Items listed in a dataset:
• • • • •

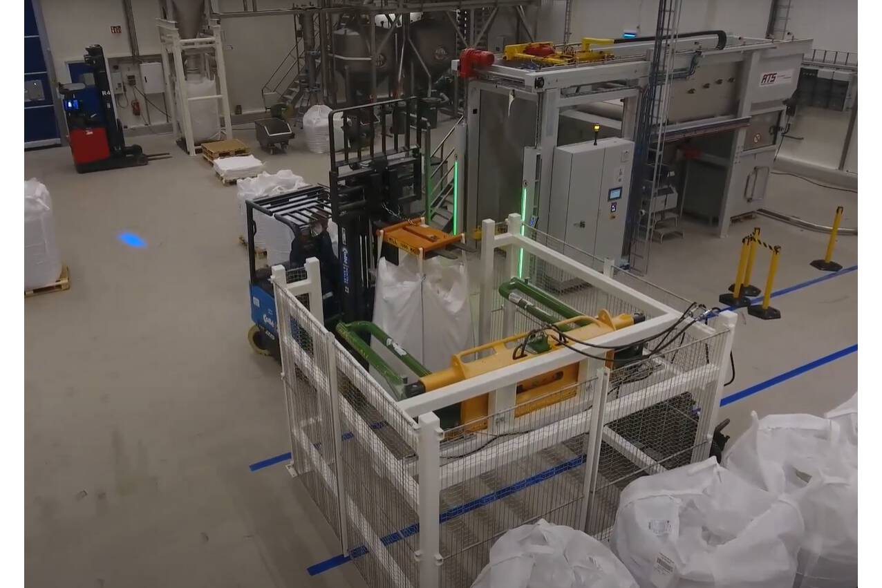 The big bag crusher semi-automatic can be operated as following: a big bag hang with its loops on a forklift and is loaded into the crusher form the top. The crushing usually starts from the top and moves its way down to 4 to 5 places distributed over the height of the bag, the forklift thus lowers the big bag downwards. A crush movement of the big bag crusher lasts approximately 10 seconds. This cycle may be repeated after rotating the big bag 90 degrees , this ensures that all large chunks in the big bags are broken.
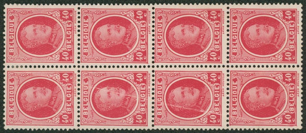 Houyoux - n°202 en bloc de 8 (2TP charnières le reste neuf sans charnières) + grand pli accordéon. Superbe
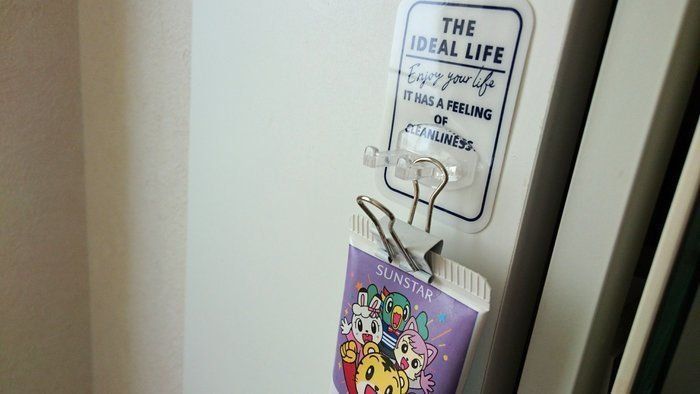 歯ブラシだけではなく、歯みがき粉も歯ブラシホルダーで空中収納が可能に!やり方はとっても簡単で、ダブルクリップで挟んで引っ掛けるだけでOK。
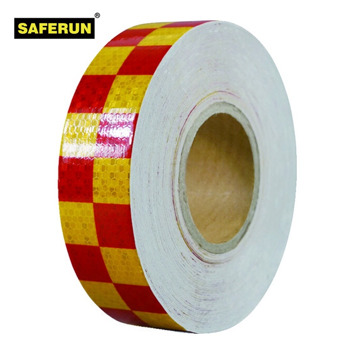 セーフラン 高輝度反射テープ 赤黄格子 幅50mm×50m (1巻) 品番:14368
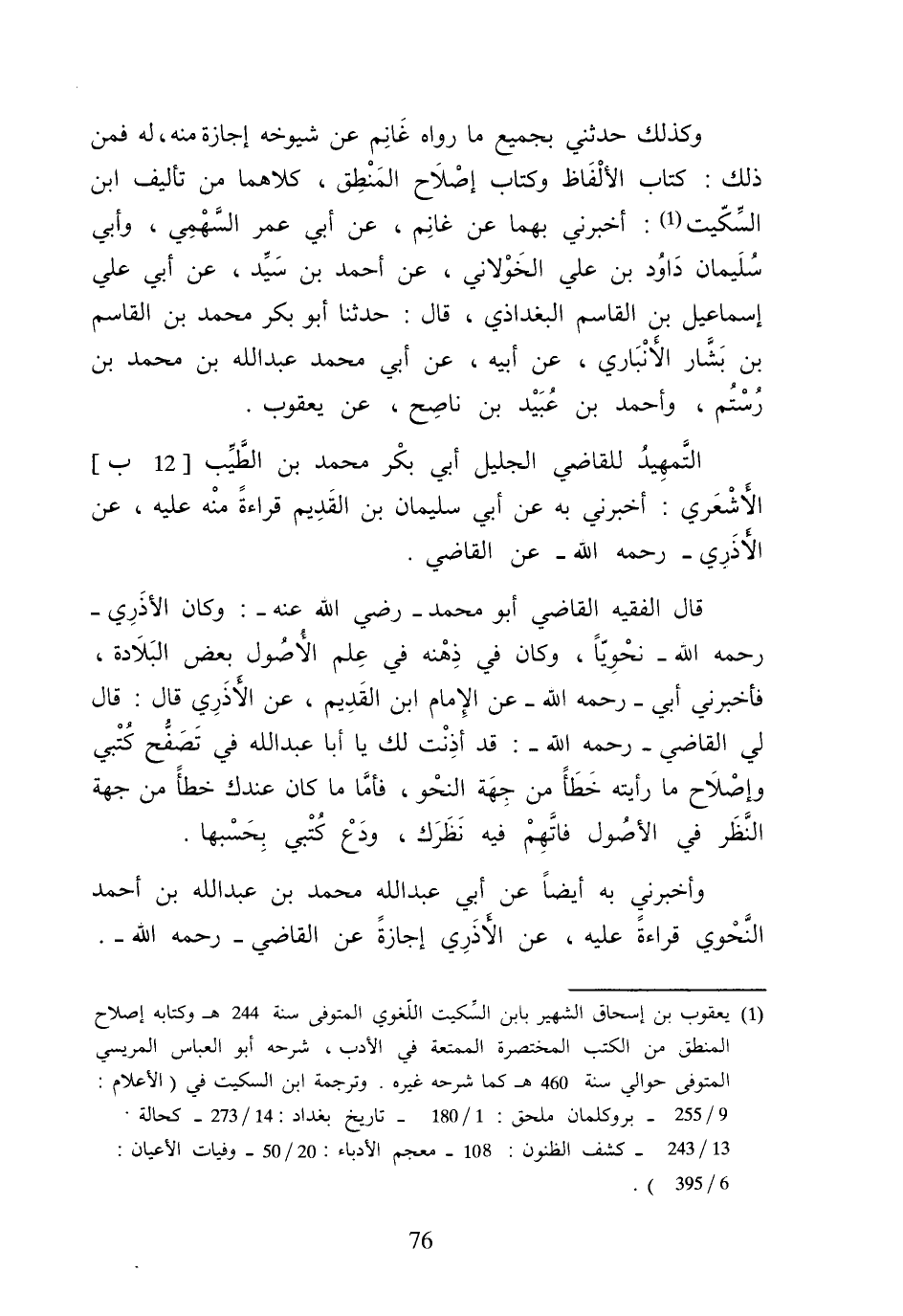 وَكَذَلِكَ حَدثنِي بِجَمِيعِ مَا رَوَاهُ غَانِم عَن شُيُوخه إجَازَة مِنْهُ لَهُ فَمن ذَلِك كتاب الْأَلْفَاظ وَكتاب إصْلَاح الْمنطق كِلَاهُمَا من تأليف ابْن السّكيت أَخْبرنِي بهما عَن غَانِم عَن أبي عمر السَّهْمِي وَأبي سُلَيْمَان دَاوُد بن عَليّ الْخَولَانِيّ عَن أَحْمد بن سيد عَن أبي عَليّ إِسْمَاعِيل بن الْقَاسِم البغداذي قَالَ حَدثنَا أَبُو بكر مُحَمَّد بن الْقَاسِم بن بشار الْأَنْبَارِي عَن أَبِيه عَن أبي مُحَمَّد عبد الله بن مُحَمَّد بن رستم وَأحمد بن عبيد بن نَاصح عَن يَعْقُوب
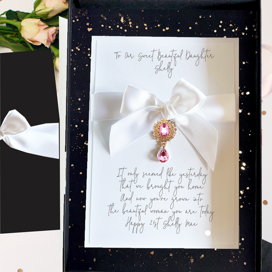 A lot of thought goes into our handmade cards. It's the attention to detail that makes a gift out of opening. Our luxury personalised handmade cards have been designed to be a treat to open. Housed in luxury gift boxes, designed with silky ribbon bow ties to wrap around boxes (pre-tied, for you to slip over the box before giving). We want to make a real treat out of opening one of our cards. Like a gift.
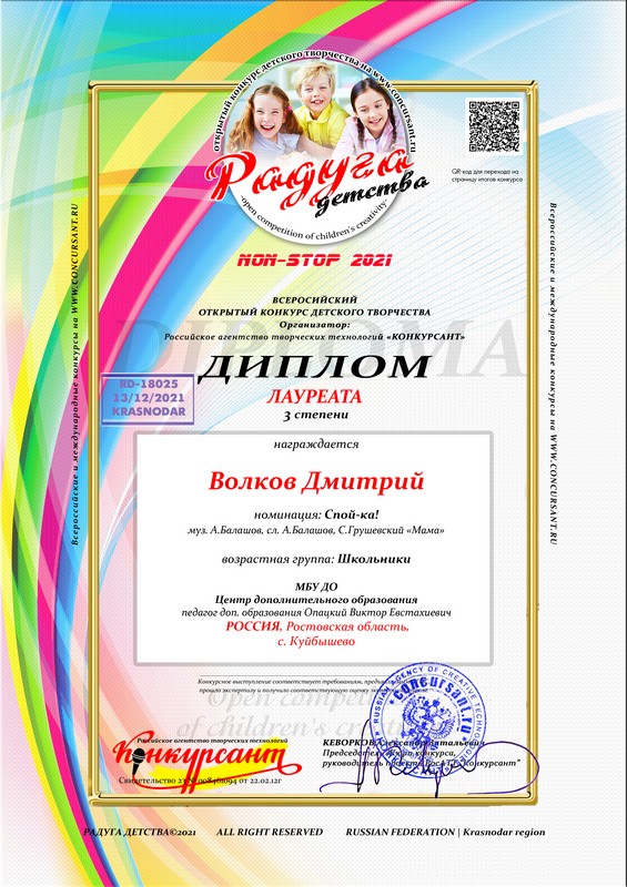 Для детей младшего школьного возраста проводился конкурс детского творчества «Радуга детства». В нем принял участие Волков Дмитрий с песней «Мама». Выступления наших ребят компетентное жюри оценило следующим образом: Копаев Кирилл – дипломант I степени, Волков Дмитрий – лауреат III степени.
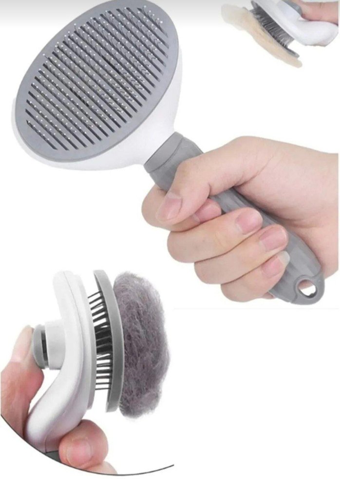 Gri kedi tüy fırçası, etkili tüy temizliği için ince metal kıllara sahiptir. Kolay temizleme için çıkarılabilir ve rahat tutuşlu saplıdır.
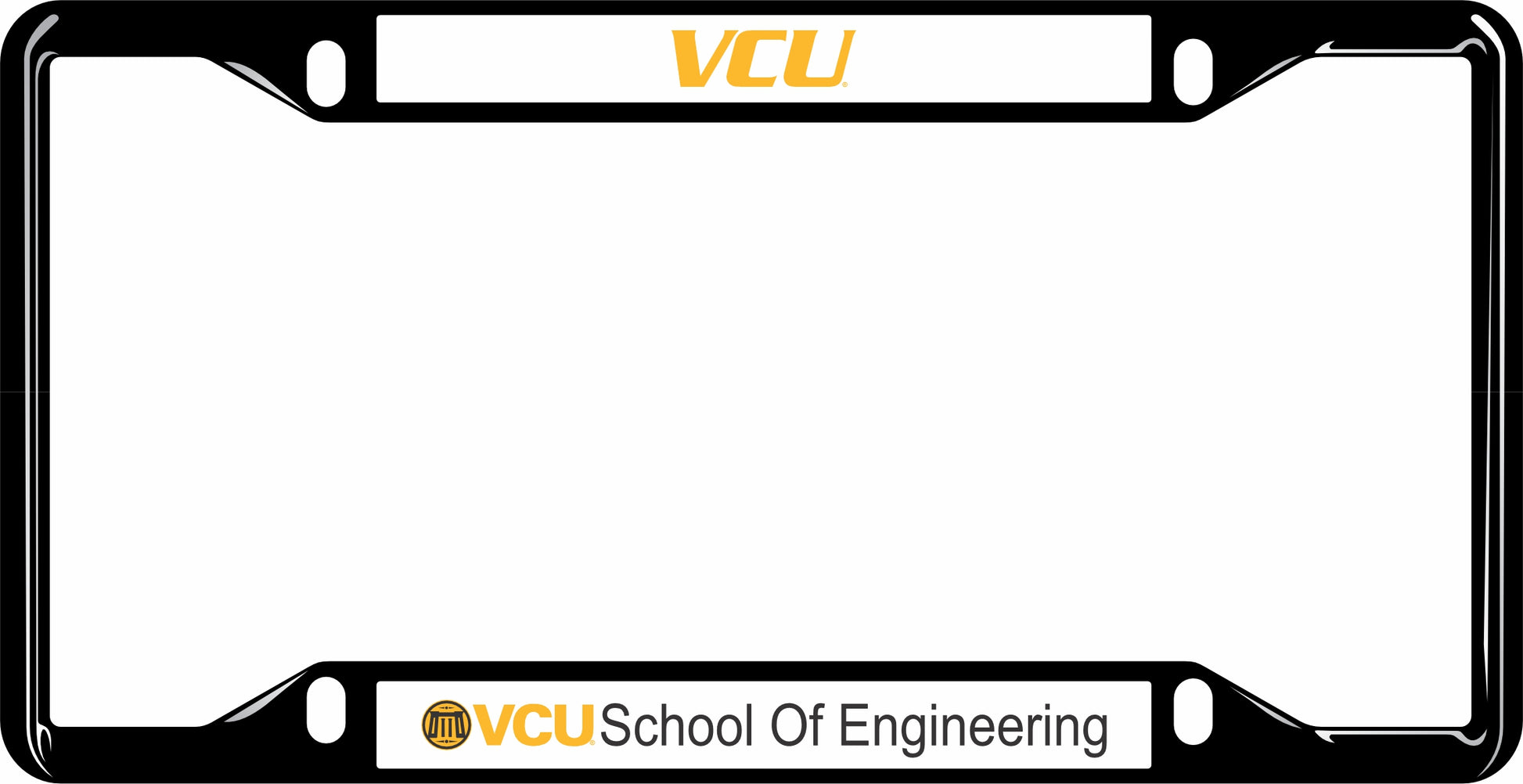 Show your VCU Engineering pride with this sleek black metal license plate frame. Crafted for durability and a professional look, it fits standard plates securely while adding a bold, refined touch to your vehicle. Ideal for alumni, students, and faculty who want to showcase their connection to VCU Engineering with understated elegance.
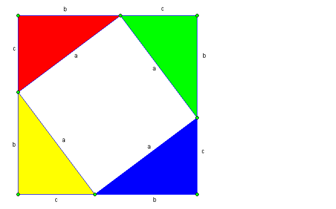 Daí, segue que a área do quadrado ABCD, de lados , é igual à soma das áreas dos quatro triângulos retângulos, de lados a, b e c, e do quadrado MNPQ, de lados a. Ou seja, , como queríamos demonstrar.
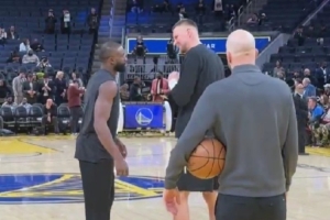 賽前熱身環(huán)節(jié),勇士新援波爾津吉斯來到場地中央,和前隊友杰倫·布朗寒暄幾句。

• • • • •

[Goal of the exercise] When pictures appear in the records above, leave them out and reproduce exactly each line from the first through the line containing "セーフラン 高輝度反射テープ 赤黄格子 幅50mm×50m (1巻) 品番:14368", both included.

[Answer section]
 The big bag crusher semi-automatic can be operated as following: a big bag hang with its loops on a forklift and is loaded into the crusher form the top. The crushing usually starts from the top and moves its way down to 4 to 5 places distributed over the height of the bag, the forklift thus lowers the big bag downwards. A crush movement of the big bag crusher lasts approximately 10 seconds. This cycle may be repeated after rotating the big bag 90 degrees , this ensures that all large chunks in the big bags are broken.
 Houyoux - n°202 en bloc de 8 (2TP charnières le reste neuf sans charnières) + grand pli accordéon. Superbe
 歯ブラシだけではなく、歯みがき粉も歯ブラシホルダーで空中収納が可能に!やり方はとっても簡単で、ダブルクリップで挟んで引っ掛けるだけでOK。
 セーフラン 高輝度反射テープ 赤黄格子 幅50mm×50m (1巻) 品番:14368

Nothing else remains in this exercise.